### Your goal:
From the entries below, please output exactly the lines starting at the one containing "últimos a retornar." and ending at the one containing "Ein Dokument ist", both included.

### Study material:
__________

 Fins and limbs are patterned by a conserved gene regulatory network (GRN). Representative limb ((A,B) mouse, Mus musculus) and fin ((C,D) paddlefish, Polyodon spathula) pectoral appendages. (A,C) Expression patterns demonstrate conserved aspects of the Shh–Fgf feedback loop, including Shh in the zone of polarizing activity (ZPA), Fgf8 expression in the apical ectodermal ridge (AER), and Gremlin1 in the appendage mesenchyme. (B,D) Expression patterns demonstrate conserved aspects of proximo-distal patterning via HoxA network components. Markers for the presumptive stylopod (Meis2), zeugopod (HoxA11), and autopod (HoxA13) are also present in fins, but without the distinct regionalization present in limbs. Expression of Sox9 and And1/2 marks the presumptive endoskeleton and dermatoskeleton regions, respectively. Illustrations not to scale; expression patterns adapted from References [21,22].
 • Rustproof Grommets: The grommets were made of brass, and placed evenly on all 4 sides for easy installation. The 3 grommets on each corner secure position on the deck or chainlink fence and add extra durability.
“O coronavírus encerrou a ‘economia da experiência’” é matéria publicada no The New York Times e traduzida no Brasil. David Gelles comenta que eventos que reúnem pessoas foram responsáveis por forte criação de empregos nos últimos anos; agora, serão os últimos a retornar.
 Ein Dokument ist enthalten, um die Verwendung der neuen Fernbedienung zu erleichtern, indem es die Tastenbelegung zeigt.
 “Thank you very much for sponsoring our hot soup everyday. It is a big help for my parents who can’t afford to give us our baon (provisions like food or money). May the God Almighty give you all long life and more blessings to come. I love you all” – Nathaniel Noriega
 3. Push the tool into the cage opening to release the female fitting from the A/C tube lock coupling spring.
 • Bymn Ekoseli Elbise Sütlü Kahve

__________

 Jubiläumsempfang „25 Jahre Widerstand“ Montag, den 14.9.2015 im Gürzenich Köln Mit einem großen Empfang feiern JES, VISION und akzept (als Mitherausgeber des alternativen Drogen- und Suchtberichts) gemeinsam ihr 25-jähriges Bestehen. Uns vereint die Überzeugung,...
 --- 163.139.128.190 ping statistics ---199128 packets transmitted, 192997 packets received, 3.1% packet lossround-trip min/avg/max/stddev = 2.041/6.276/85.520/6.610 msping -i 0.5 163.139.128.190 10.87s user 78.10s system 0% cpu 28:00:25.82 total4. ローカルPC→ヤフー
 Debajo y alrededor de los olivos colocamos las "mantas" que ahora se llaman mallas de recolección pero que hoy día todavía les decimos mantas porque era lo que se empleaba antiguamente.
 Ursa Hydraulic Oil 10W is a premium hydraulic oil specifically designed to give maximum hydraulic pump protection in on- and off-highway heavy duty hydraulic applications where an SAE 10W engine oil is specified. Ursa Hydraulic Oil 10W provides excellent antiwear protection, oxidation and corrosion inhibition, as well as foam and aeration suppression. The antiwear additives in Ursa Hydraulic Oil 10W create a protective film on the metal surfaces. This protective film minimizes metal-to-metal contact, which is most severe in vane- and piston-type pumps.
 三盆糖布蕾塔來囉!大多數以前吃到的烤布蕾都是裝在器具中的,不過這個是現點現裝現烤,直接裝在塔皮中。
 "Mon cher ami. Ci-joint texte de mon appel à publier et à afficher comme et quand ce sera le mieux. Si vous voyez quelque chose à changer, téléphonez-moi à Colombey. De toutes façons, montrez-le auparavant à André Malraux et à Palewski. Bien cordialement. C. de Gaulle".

__________

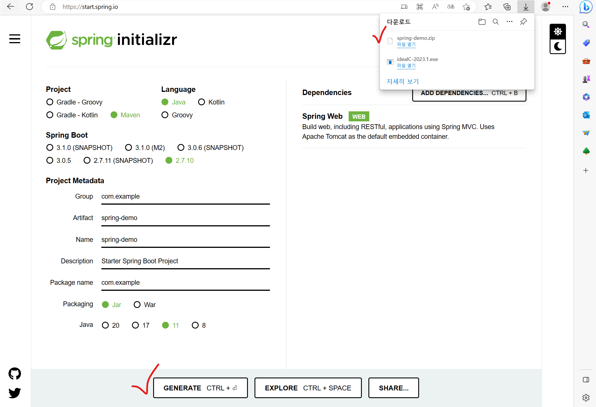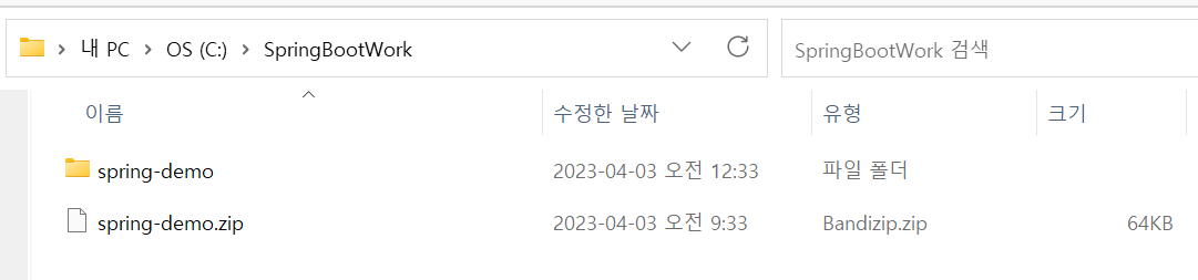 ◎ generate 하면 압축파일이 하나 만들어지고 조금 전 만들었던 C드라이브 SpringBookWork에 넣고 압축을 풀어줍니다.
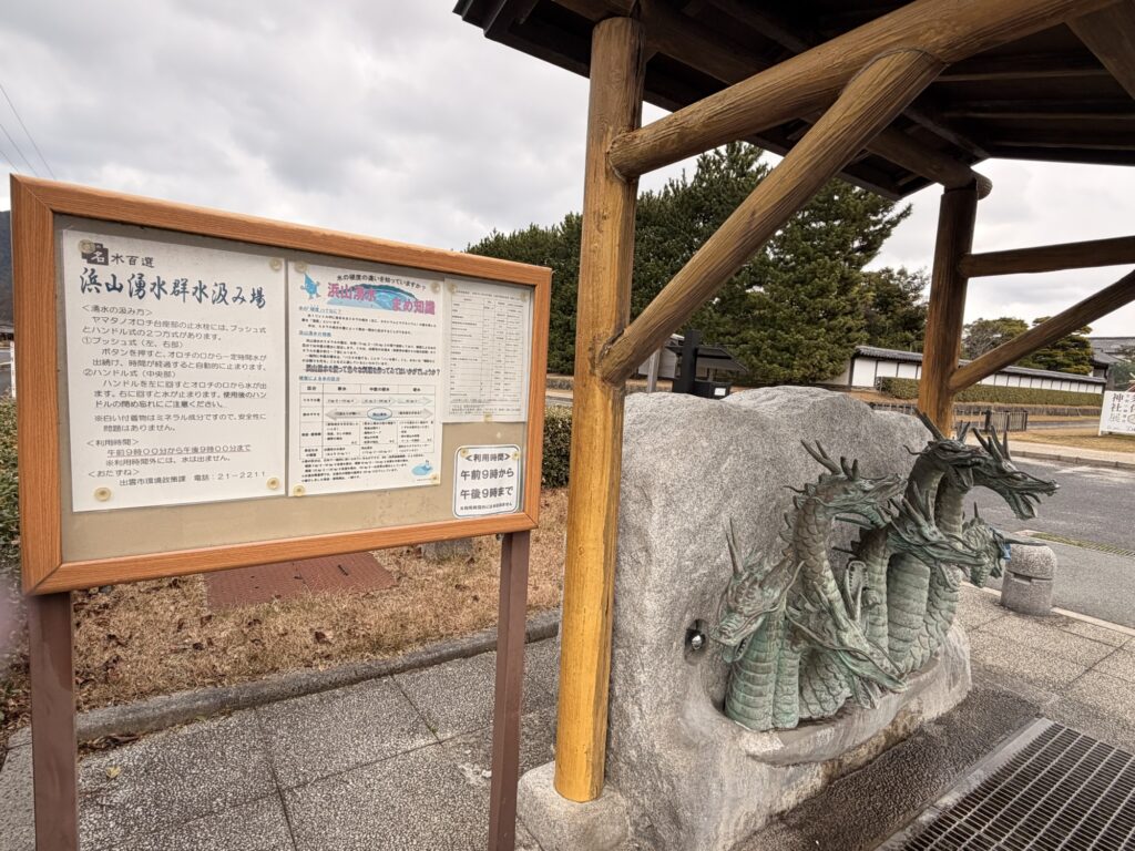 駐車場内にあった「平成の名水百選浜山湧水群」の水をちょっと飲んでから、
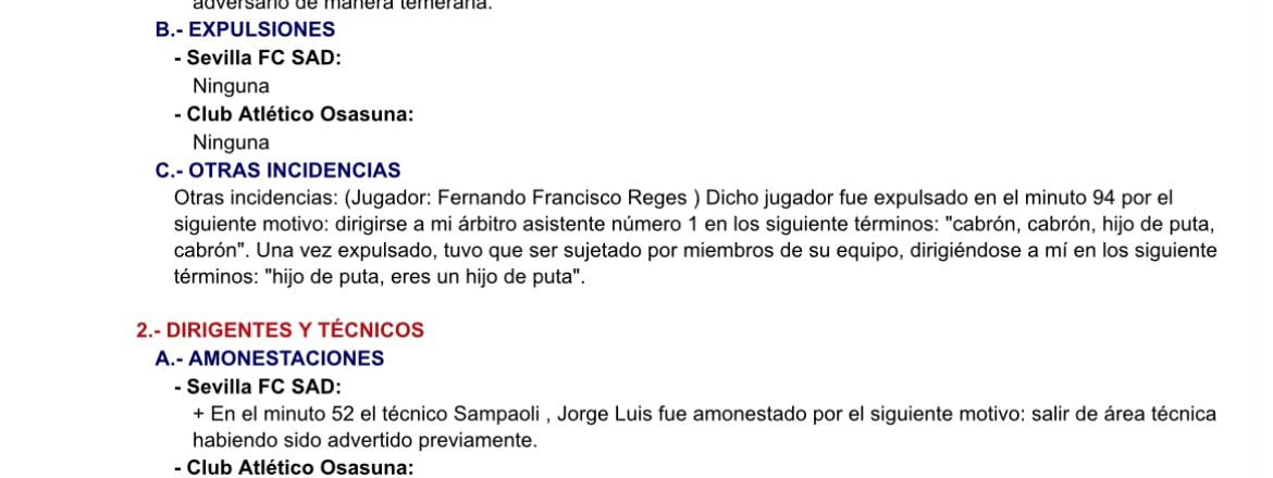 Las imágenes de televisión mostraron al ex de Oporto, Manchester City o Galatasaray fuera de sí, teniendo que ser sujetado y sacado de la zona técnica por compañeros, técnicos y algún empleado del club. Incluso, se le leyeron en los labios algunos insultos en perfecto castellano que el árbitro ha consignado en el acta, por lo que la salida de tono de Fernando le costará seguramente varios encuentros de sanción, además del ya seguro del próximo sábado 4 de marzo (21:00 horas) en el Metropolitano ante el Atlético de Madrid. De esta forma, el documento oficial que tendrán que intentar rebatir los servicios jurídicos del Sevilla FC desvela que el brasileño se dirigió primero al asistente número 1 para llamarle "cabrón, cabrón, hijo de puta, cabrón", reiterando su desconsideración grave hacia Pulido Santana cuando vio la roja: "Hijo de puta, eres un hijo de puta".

__________

### The completed task:
“O coronavírus encerrou a ‘economia da experiência’” é matéria publicada no The New York Times e traduzida no Brasil. David Gelles comenta que eventos que reúnem pessoas foram responsáveis por forte criação de empregos nos últimos anos; agora, serão os últimos a retornar.
 Ein Dokument ist enthalten, um die Verwendung der neuen Fernbedienung zu erleichtern, indem es die Tastenbelegung zeigt.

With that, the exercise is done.